Isaïe
IntroductionIsaïe 6
Analyse du texte source · restitution Philologique
Hekhal peut désigner palais ou Temple ; ici le cadre cultuel et l’autel des vv.6–7 favorisent « Temple ». Shulaw désigne les pans ou la traîne du vêtement.
Serafim est lié à la racine s-r-f, « brûler », d’où « brûlants ». « Pieds » peut parfois servir d’euphémisme anatomique, mais le verset ne l’impose pas explicitement.
Qadosh est répété trois fois sans qu’il faille transformer cette intensification poétique en formulation doctrinale ajoutée. Melo kol-ha’arets kevodo : litt. « le plein de toute la terre est sa gloire ».
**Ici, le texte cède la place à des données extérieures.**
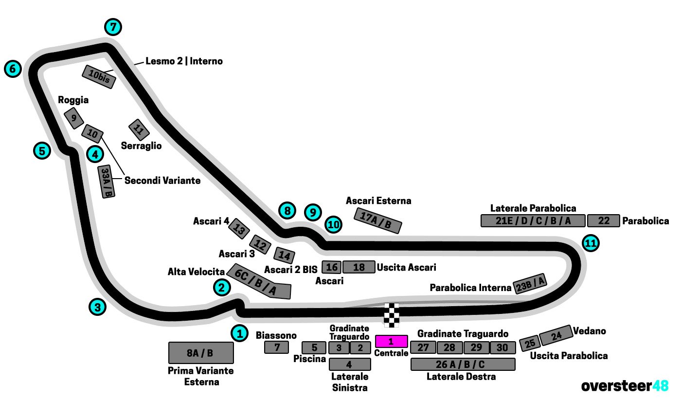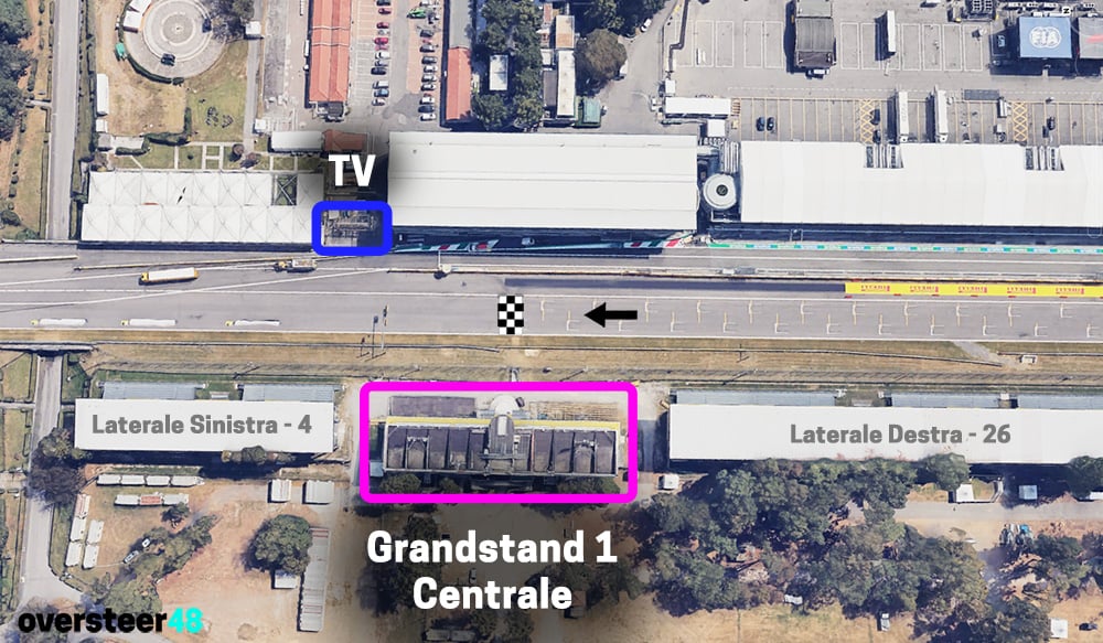At the Monza Italian Grand Prix, grandstand 1 Centrale (also known as the Central or Main grandstand or Tribuna Centrale) is half way along the start finish straight, on the left side of the circuit, directly in line with the start line. Hence why it’s called Centrale – it’s in the central position.
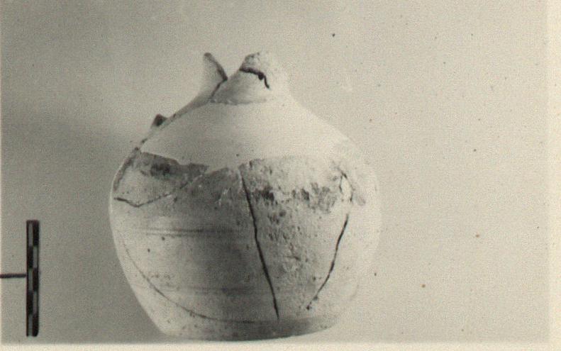 | Description: | The neck and mouth and band handle, missing; shoulder filled out in plaster. Flat bottom and squat rounded body. Decoration of pairs of narrow, widely spaced horizontal glaze bands. Pink clay covered with thick white slip, much peeled. | |
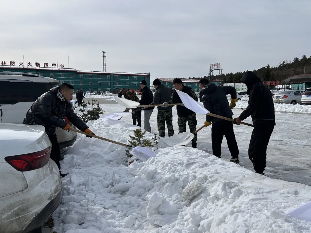 森林消防二大隊(duì)組織人員全面清理營(yíng)區(qū)主要道路積雪(侯高洋 攝)
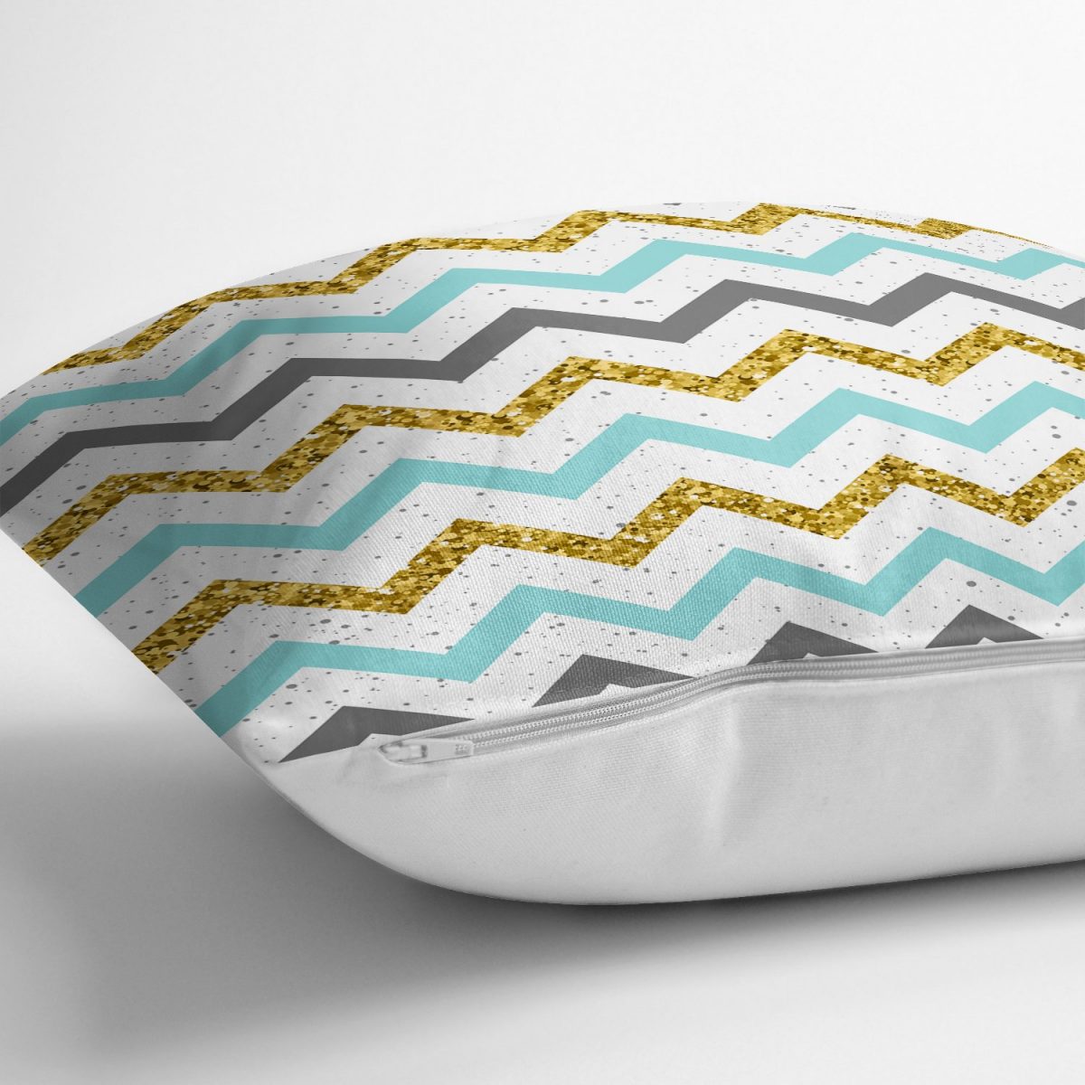 Mavi Gri Gold Zigzag Desenli Özel Tasarımlı Yastık Kırlent Kılıfı
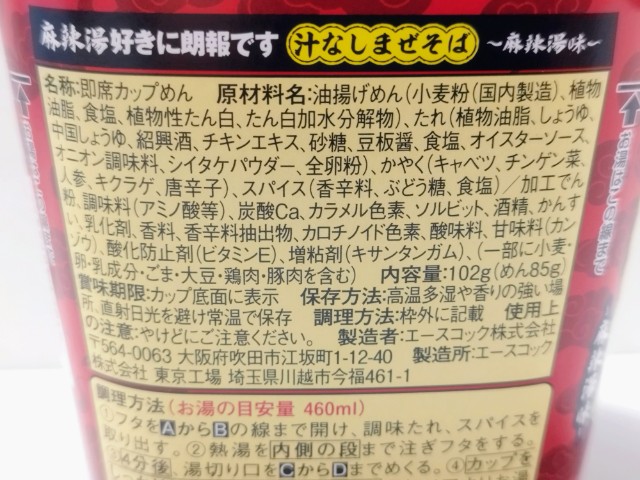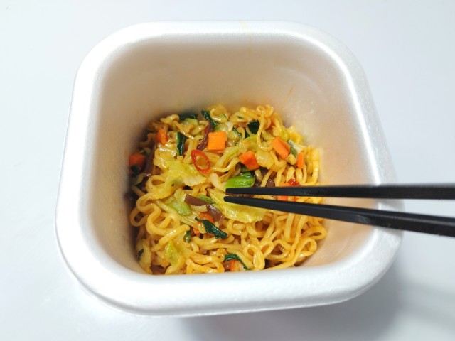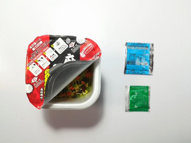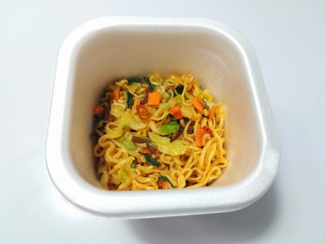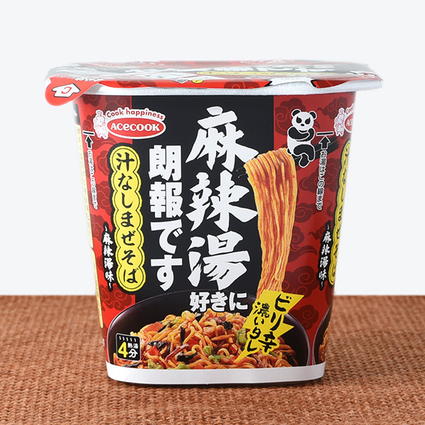 麻辣湯味の汁なしまぜそばです。ファミリーマート限定のカップ麺で、熱湯を入れて4分後に中のお湯を捨てて、調味たれとスパイスを加えてよくかき混ぜたら完成となります。そんな汁なしまぜそばですが、醤の旨味と唐辛子のピリッとした辛味、花椒の痺れがあって、クセになってしまう美味しさです。麺はもちっとした食感と歯切れの良さがあって、箸がどんどんと進みます。具材にはキャベツやチンゲン菜、人参、きくらげなどが入っていて、それぞれの味や食感を楽しめます。オイスターソースや紹興酒を使うことで、麻辣湯の味わいに近づけたカップ麺といった感じで、麻辣湯好きに朗報ですの商品名にも納得だと思います。また、食べた瞬間は痺れがメインですが、後からジワジワと辛味がやってくるといった感じで、かなりのシビ辛なので、辛いのが苦手な方は食べる時は注意した方が良いと思います。内容量は普通のカップ麺サイズで、小腹が空いた時やおにぎりやパンと合わせて1食分にするのにもオススメです。ぜひ麻辣湯味の汁なしまぜそばを食べてみてください。
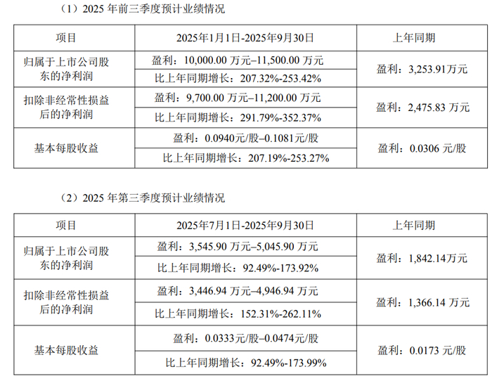 2025年前三季度,兄弟科技预计归属于上市公司股东的净利润盈利1.00亿元 – 1.15亿元,上年同期盈利0.33亿元,比上年同期增长207.32% - 253.42%;扣除非经常性损益后的净利润盈利0.97亿元 – 1.12亿元,上年同期盈利0.25亿元,比上年同期增长291.79% - 352.37%;基本每股收益盈利0.09元/股 – 0.11元/股,上年同期盈利0.03元/股,比上年同期增长207.19% - 253.27%。
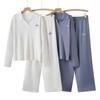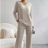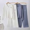 Conjunto de Moda 2025 Transfronterizo Suelto Cuello POLO Bordado Tejido Top Cintura Alta Pantalones de Pierna Ancha
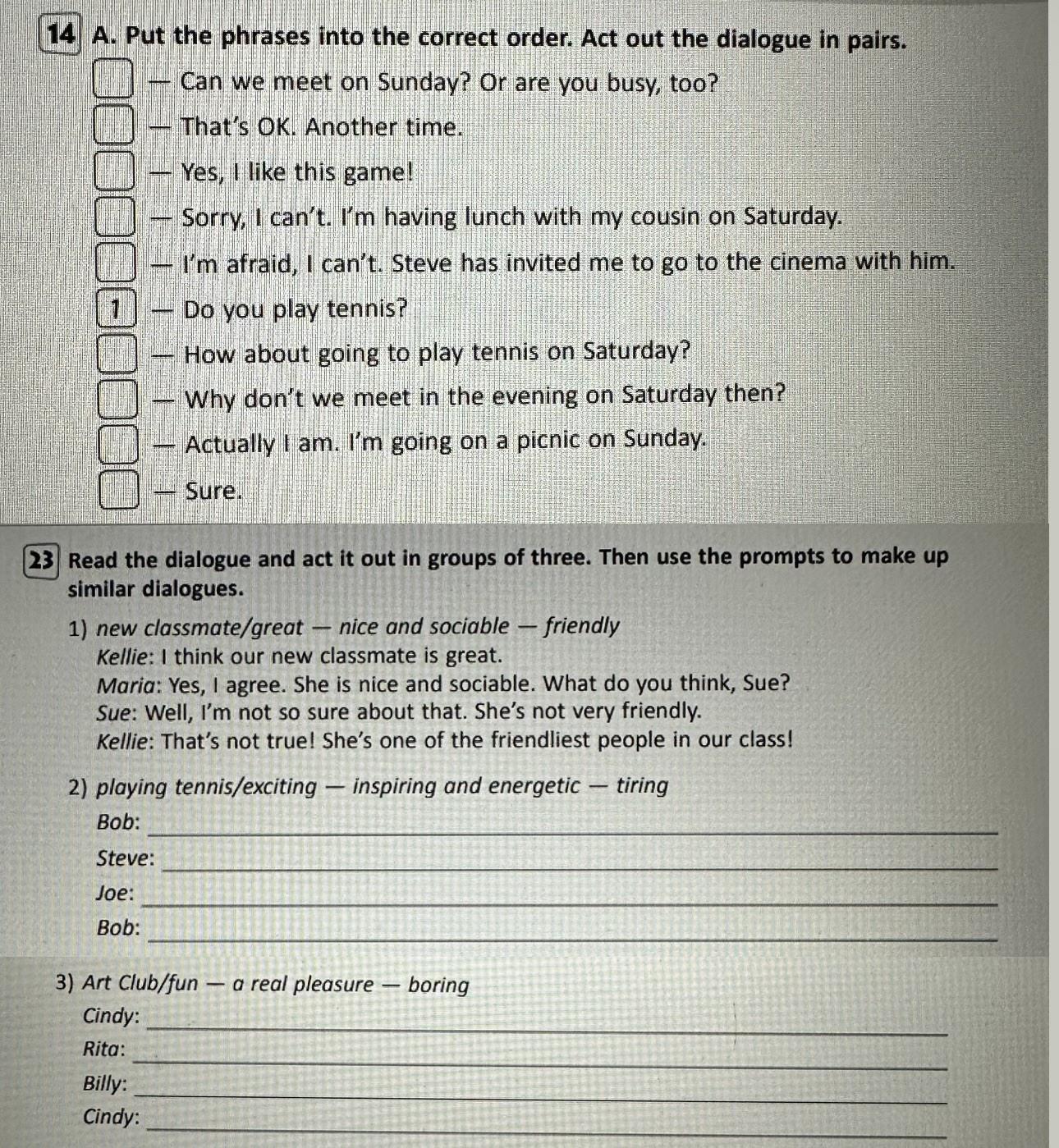 2) playing tennis/exciting - inspiring and energetic - tiring
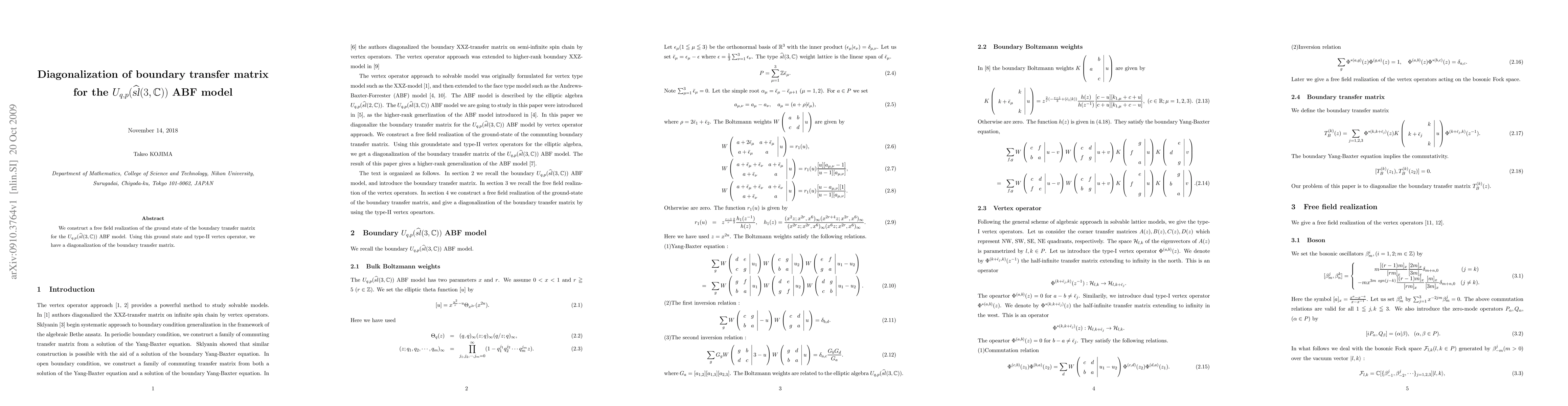 The paper presents a free field realization of the ground state for the boundary transfer matrix of the $U_{q,p}(hat{sl}_3)$ ABF model, enabling its diagonalization using a type-II vertex operator.
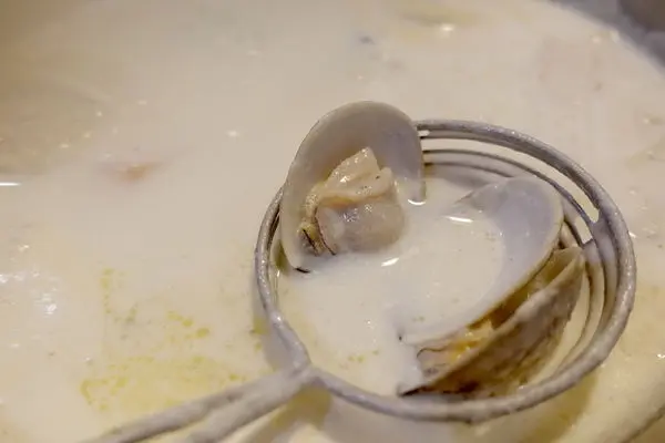 蛤蜊在牛奶鍋裡面,煮完也變得很鮮甜啊!!
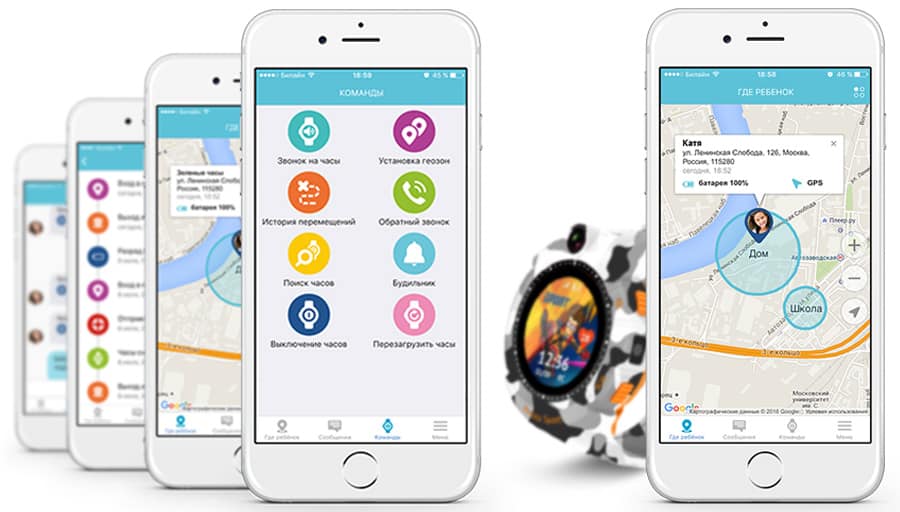 Приложение состоит из четырех основных модулей: «где ребёнок», сообщения, команды и меню. Обо всем по порядку.
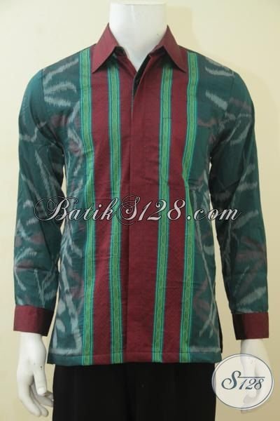 Kemeja Tenun Lengan Panjang Hijau Motif Bagus, Busana Keren Kwalitas Istimewa Dengan Daleman Full Furing Membuat Pria Nampak Gagah Dan Berwibawa [LP4446NF-M]
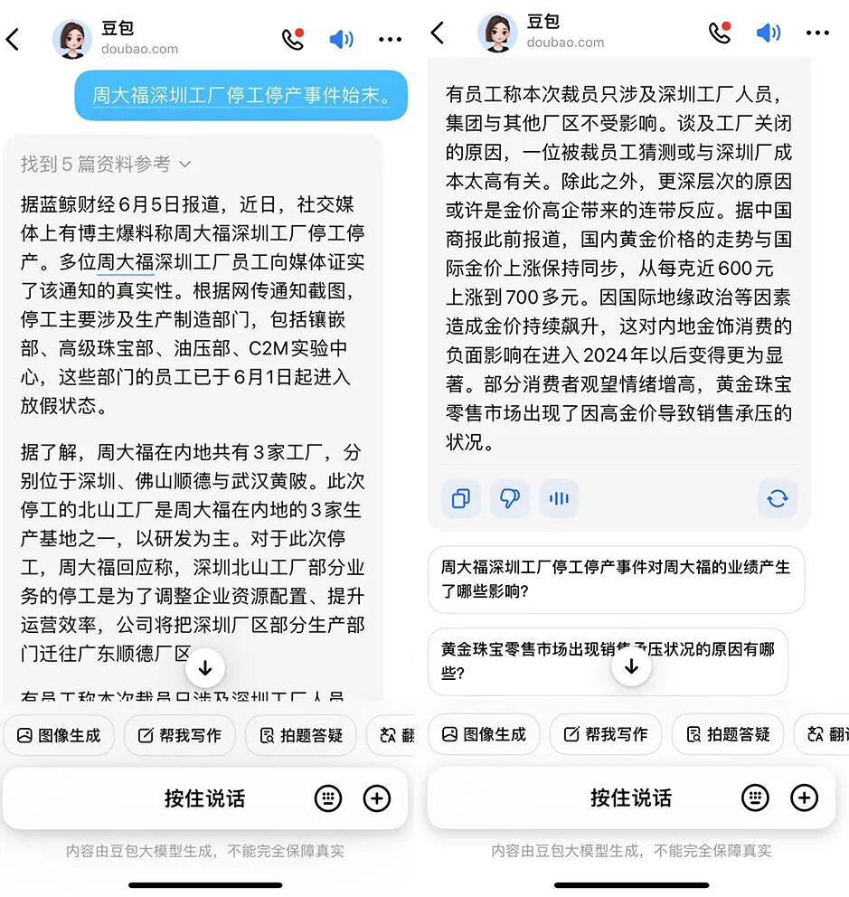 当然,对于让人眼花缭乱的社会新闻,“5G冲浪选手”豆包也不在话下。如,想知道“周大福深圳工厂提供停产事件始末”,直接问豆包就可以了。

Ammot hassippim est difficile : « pivots / montants / bases des seuils ». La racine n-w-‘ indique l’ébranlement.
Nidmeti peut signifier « je suis perdu/détruit » ou « réduit au silence ». L’ambiguïté convient au contexte où les lèvres du prophète doivent être purifiées avant sa mission.
Ritspah peut désigner pierre chauffée, braise ou charbon ardent ; l’identification matérielle exacte reste incertaine.
Tekhuppar est un passif de k-p-r, vocabulaire d’expiation/purification. Sar ‘awonekha : « ton iniquité s’est retirée ».
Hineni : « me voici ». Lanu, « pour nous », est le pluriel du texte ; il peut relever du conseil divin ou d’une scène de cour céleste.
Shimu shamoa‘ / re’u ra’o sont des constructions infinitif absolu + impératif. Le contraste porte sur perception répétée et absence d’intelligence.
Hashmen, hakbed et hasha‘ sont des impératifs causatifs. Hasha‘ est rare, probablement « enduire/fermer ». La séquence finale enchaîne voir, entendre, comprendre, revenir, guérir.
‘Ad ’asher ’im sha’u est une formule d’insistance : jusqu’à ce que la dévastation soit accomplie. Le double champ lexical sha’ah/shemamah renforce l’idée de désolation.
Ha‘azuvah désigne l’abandon, ce qui est laissé désert. La forme peut évoquer l’étendue des lieux désertés.
Matstsevet peut désigner souche, tronc restant ou stèle dressée. Zera‘ qodesh, « semence sainte », qualifie ce reste sans préciser davantage son développement ultérieur.